- Kontour 2010

Background information
- Genres: Electronic, industrial
- Instrument(s): Synthesiser, drum machine
- Labels: Some Bizzare

= Kontour =

Kontour is an English electronic music artist, signed to Some Bizzare Records.

==Background==
Early work included recordings of distorted telephone calls and late night television. He uses a range of vintage recording equipment and analog synthesisers, electronic percussion and drum machines.
In 2007 the Protect & Survive EP was released on the White Label Music record label. This early work was created using little or no percussion instead using a Doepfer analogue sequencer to create simple, minimal rhythms. Soon after the release of the EP Kontour was approached by Some Bizzare Records. The label owner, Stevo Pearce (ex-manager of Soft Cell), wanted to include The Kennedy Syndrome on a new compilation album he was compiling titled Some Bizzare Double Album. This led to the recording of a new studio album for the record label. In 2008 Kontour released the album Scanners on Some Bizzare Records, Stevo Pearce is credited as executive producer of the album. The album was released after the "Protect & Survive" EP and moved on from the minimal sounds of tracks like Shark Cage. The album was recorded using no MIDI instruments or personal computers, instead primitive music sequencers, Roland RE-501 tape effects and a Roland CR-78 Drum Machine were used. The vocals on the album where treated like a sound source and manipulated with audio effects.
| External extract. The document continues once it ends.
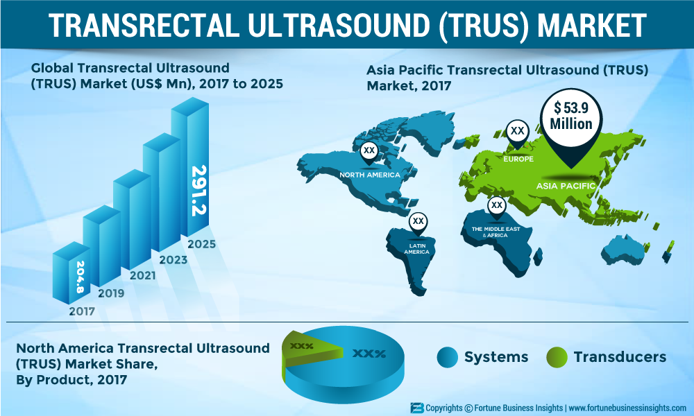 Pune, July 15, 2019 (GLOBE NEWSWIRE) -- The increasing incidence of prostate cancer especially among aging men is the key driver of the global transrectal ultrasound (TRUS) market. This was found by Fortune Business Insights in a report, titled “Transrectal Ultrasound Market Size, Share and Global Trend by Product (Systems, Transducers), Type (Cart/Trolley Based, Portable), Application (Diagnostic, Image-guided Treatment), End User (Diagnostic Laboratories, Hospitals) and Geography Forecast till 2025”. Fortune Business Insights predicts the global TRUS market to exhibit a CAGR of 4.5% during the forecast period. Furthermore, in 2017, the market was valued at US$ 204.8 and is anticipated to reach US$ 291.2 Mn by the end of 2025.
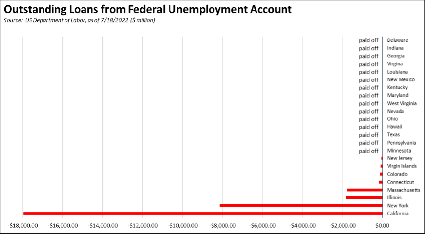 California also continues to carry by far the largest debt owed to the federal trust fund, while every other state except New York and Massachusetts has substantially reduced or paid off their debt including—as specifically authorized—use of federal pandemic assistance funds for this purpose.

Kontour worked with the American group Lucid Sketchmaster collaborating on the album The Seed. Kontour featured on the track "God Come Tell Me" contributing lyrics and "music construction".
In 2012 Kontour contributed a recording to a project titled A Broadcast to the Trees. The project involved a selection of unreleased music, contributed by various artists, which was broadcast via an FM transmitter into the Galloway Forest. The broadcast was not archived or streamed online. The only people who were able to hear the transmission would have been in a small radius of the forest at the time. After the music was transmitted it was deleted. Other artists who contributed to this project included Gareth Jones, Martyn Ware and Dave Ball.

==Scanners recording for Some Bizzare Records (2008)==
In 2007 Kontour began recording sessions for Some Bizzare Records. The album was completed at the end half of 2007 being mixed and mastered for its 2008 release date. Mastering took place at The Exchange in London and was performed by Simon Davey who has mastered bands like Laibach, Aphex Twin and Depeche Mode.
Scanners was released on 4 February 2008. It was largely composed of experimental, electronic songs. Songs structures were improvised incorporating a less than disciplined approach. The release had mixed responses, some listeners found the album too experimental. While others labeled it "original".

==Discography==

===Albums===
- 2007 – Protect & Survive (White Label Music)
- 2008 – Scanners (Some Bizzare Records)
- 2008 – Some Bizzare Double Album (Some Bizzare Records) – The Kennedy Syndrome
- 2014 – Monochrome (Sub-human)

===Collaborations===
- 2008 – Lucid Sketchmaster – The Seed (Some Bizzare Records) – God Come Tell Me
- 2008 – Rev Spook – Big Spirit – Unbreakable
- 2011 – The Dark Poets Vs Kontour – Breakbeat Halloween 2012. From The Dark Poets Cradle of Fear E.P.